ABOUT THIS TASK → How many lines in the records below hold the string "information"? Please answer with the number and nothing more.

[Dataset records]
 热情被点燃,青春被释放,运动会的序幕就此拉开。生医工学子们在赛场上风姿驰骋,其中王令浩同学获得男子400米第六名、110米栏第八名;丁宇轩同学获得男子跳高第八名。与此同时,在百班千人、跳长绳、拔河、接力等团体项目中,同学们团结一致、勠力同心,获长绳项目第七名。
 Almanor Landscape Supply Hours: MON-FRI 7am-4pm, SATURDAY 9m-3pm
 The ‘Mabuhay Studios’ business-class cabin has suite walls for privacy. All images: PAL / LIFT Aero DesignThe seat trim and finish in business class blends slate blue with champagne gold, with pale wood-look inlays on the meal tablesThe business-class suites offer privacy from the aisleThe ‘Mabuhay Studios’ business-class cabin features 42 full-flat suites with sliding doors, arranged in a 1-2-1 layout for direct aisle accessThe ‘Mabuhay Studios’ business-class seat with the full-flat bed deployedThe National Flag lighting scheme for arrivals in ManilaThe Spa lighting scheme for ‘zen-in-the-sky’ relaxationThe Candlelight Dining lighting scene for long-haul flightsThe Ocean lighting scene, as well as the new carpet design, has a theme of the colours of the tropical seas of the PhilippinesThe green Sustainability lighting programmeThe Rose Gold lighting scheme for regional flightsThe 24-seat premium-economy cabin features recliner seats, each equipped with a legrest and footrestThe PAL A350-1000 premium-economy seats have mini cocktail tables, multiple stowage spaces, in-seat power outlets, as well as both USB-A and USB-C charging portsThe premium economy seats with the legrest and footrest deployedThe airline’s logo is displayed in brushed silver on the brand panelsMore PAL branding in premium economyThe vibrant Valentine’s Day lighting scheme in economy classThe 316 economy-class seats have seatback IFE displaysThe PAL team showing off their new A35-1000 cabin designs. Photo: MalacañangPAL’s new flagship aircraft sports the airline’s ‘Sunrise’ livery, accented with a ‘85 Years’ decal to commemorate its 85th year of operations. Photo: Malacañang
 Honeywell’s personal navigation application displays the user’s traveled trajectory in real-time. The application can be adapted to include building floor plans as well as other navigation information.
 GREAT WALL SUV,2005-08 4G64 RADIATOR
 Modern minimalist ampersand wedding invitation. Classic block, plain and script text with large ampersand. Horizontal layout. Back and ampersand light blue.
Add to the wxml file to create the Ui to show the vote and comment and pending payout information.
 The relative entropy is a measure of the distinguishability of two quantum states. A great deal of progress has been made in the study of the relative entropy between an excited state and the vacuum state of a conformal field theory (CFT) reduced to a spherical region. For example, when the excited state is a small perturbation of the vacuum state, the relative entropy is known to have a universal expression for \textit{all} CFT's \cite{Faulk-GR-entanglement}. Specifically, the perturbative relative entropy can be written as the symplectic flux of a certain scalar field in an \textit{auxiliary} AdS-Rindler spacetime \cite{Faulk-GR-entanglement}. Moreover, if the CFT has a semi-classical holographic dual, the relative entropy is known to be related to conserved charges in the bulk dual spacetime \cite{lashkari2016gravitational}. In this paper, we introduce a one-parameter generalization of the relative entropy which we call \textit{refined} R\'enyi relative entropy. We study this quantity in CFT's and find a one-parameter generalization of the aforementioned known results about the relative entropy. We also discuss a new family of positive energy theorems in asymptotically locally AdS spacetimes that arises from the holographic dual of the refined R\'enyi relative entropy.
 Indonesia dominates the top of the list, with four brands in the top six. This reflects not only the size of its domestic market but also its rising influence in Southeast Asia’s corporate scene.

EXERCISE OUTPUT → 2